- |Forum Futures
- |Ford Policy Forum
- |Forum on Higher Education Finance
Power comes in many guises. Although we may believe that the United States is the only superpower in a unipolar world, in reality the distribution of power resources in the contemporary information age varies greatly across different issues. Power always depends on its context—requiring a far more complex analysis than first meets the eye. World politics has become like a three-dimensional chess game in which one can win only by playing vertically as well as horizontally. On the top board of classic military issues, the United States is indeed the only superpower with global military might and reach, and it makes sense to speak in traditional terms of unipolarity or hegemony. However, on the middle board of interstate economic issues, the distribution is multipolar. For example, the United States cannot obtain the outcomes it wants on trade, antitrust, or financial regulation issues without the agreement of the European Union, Japan, China, and others. It makes little sense to call this American hegemony.
On the bottom board of transnational issues such as terrorism, international crime, climate change, and the spread of infectious diseases, power is widely distributed and chaotically organized among state and nonstate actors. It makes no sense at all to call this a unipolar world or an American empire—despite the claims of propagandists on the right and left.
Many political leaders still focus almost entirely on military assets and classic military solutions—the top board. They mistake the necessary for the sufficient and are one-dimensional players in a three-dimensional game. In the long term, that is the way to lose.
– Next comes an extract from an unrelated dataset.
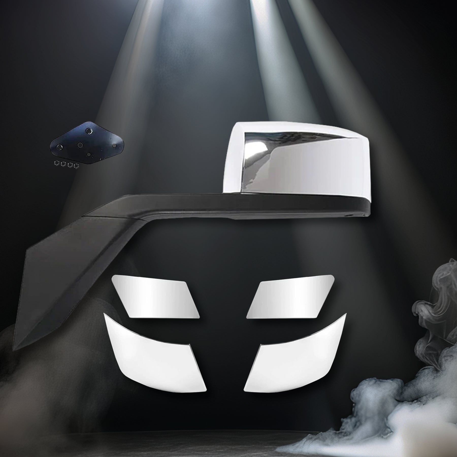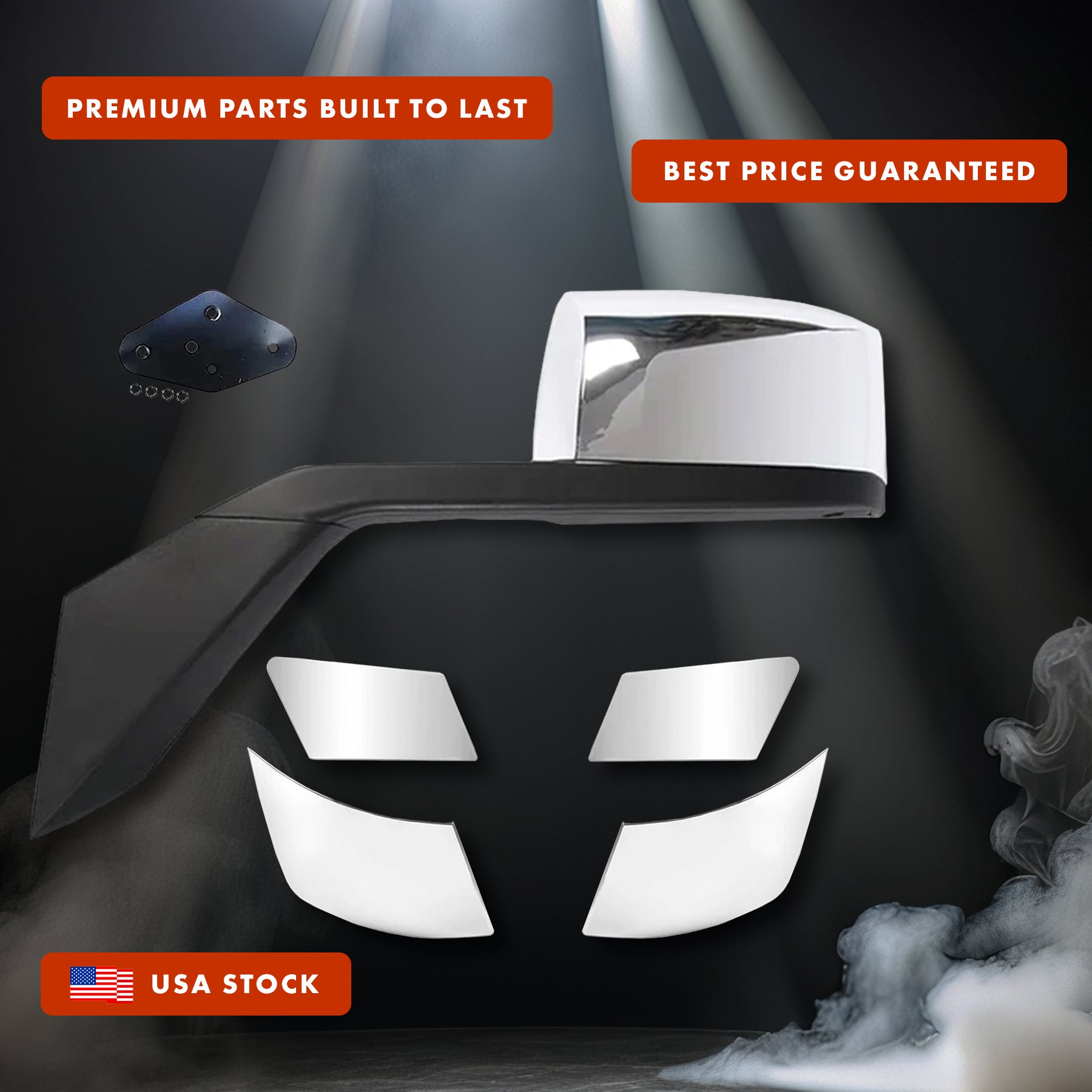 - Comes with Logo, Frame License Plate, 2x 22" Windshield Wipers, Fender Chrome Trim set, Bumper Corners Chrome Trim Set and Vest

To obtain favorable outcomes on the other boards—particularly the bottom, transnational board—the use of soft power assets is often required. Soft power rests on the ability to shape the preferences of others. A country may obtain the outcomes it wants in world politics because other countries—admiring its values, emulating its example, aspiring to its level of prosperity and openness—want to follow it. In this sense, it is also important to set the agenda and attract others in world politics, and not just force them to change by threatening military force or economic sanctions. This soft power—getting others to want the outcomes you want—co-opts people rather than coerces them.
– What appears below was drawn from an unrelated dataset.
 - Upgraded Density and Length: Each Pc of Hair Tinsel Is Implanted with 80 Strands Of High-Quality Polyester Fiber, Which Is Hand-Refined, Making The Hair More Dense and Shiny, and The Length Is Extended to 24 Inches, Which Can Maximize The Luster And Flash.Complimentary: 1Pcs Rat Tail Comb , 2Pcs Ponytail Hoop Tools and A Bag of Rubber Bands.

Hard and soft power are related because they are both aspects of the ability to achieve one’s purpose by affecting the behavior of others. The distinction between them is one of degree, both in the nature of the behavior and in the tangibility of the resources. Command power—the ability to change what others do—can rest on coercion or inducement. Co-optive power—the ability to shape what others want—can rest on the attractiveness of one’s culture and values or on the ability to manipulate the agenda of political choices in a manner that makes others fail to express some preferences because they seem to be too unrealistic. The types of behavior between command and co-option range along a spectrum from coercion to economic inducement to agenda setting to pure attraction, as illustrated in Figure 1.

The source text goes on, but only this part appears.